**Description of the task:** All lines of the listing that contain "Warszawy" should be shown in full.

**Data section:**
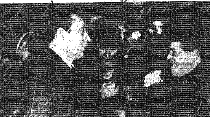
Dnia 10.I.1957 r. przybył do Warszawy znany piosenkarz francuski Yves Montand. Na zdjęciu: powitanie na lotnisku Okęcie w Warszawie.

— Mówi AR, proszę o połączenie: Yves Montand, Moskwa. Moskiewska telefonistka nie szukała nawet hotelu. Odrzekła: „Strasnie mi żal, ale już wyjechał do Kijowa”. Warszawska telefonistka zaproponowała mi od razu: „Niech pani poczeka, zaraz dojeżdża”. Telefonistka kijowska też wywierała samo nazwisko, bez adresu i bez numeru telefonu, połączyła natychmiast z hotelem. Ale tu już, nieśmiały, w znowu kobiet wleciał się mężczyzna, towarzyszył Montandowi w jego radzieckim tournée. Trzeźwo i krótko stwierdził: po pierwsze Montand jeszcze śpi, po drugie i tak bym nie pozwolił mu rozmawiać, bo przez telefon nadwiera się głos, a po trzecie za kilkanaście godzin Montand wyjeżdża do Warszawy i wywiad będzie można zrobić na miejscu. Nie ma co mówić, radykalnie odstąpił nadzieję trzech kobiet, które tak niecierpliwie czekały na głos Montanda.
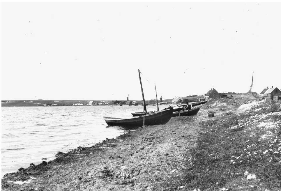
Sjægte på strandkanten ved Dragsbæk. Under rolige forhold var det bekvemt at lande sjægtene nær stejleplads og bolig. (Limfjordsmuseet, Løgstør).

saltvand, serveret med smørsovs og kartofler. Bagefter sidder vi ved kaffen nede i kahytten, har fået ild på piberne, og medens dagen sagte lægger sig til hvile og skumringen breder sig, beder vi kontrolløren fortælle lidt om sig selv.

* * *

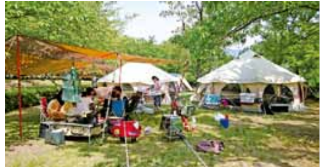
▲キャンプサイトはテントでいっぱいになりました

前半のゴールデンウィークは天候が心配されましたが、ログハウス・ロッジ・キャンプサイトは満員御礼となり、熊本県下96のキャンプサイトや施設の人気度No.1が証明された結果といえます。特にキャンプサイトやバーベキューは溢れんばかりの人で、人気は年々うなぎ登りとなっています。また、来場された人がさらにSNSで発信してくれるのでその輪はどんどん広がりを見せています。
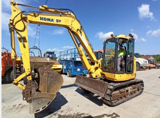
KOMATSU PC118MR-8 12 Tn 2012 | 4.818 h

* * *

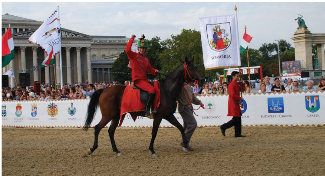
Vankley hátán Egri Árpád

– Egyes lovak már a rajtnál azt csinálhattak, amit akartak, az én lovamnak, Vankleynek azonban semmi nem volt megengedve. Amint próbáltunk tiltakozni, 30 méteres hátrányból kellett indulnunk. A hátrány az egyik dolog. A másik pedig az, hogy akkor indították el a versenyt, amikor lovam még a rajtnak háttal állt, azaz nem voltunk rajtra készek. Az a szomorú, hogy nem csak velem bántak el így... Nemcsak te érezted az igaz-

**Output for this exercise:**
Dnia 10.I.1957 r. przybył do Warszawy znany piosenkarz francuski Yves Montand. Na zdjęciu: powitanie na lotnisku Okęcie w Warszawie.
— Mówi AR, proszę o połączenie: Yves Montand, Moskwa. Moskiewska telefonistka nie szukała nawet hotelu. Odrzekła: „Strasnie mi żal, ale już wyjechał do Kijowa”. Warszawska telefonistka zaproponowała mi od razu: „Niech pani poczeka, zaraz dojeżdża”. Telefonistka kijowska też wywierała samo nazwisko, bez adresu i bez numeru telefonu, połączyła natychmiast z hotelem. Ale tu już, nieśmiały, w znowu kobiet wleciał się mężczyzna, towarzyszył Montandowi w jego radzieckim tournée. Trzeźwo i krótko stwierdził: po pierwsze Montand jeszcze śpi, po drugie i tak bym nie pozwolił mu rozmawiać, bo przez telefon nadwiera się głos, a po trzecie za kilkanaście godzin Montand wyjeżdża do Warszawy i wywiad będzie można zrobić na miejscu. Nie ma co mówić, radykalnie odstąpił nadzieję trzech kobiet, które tak niecierpliwie czekały na głos Montanda.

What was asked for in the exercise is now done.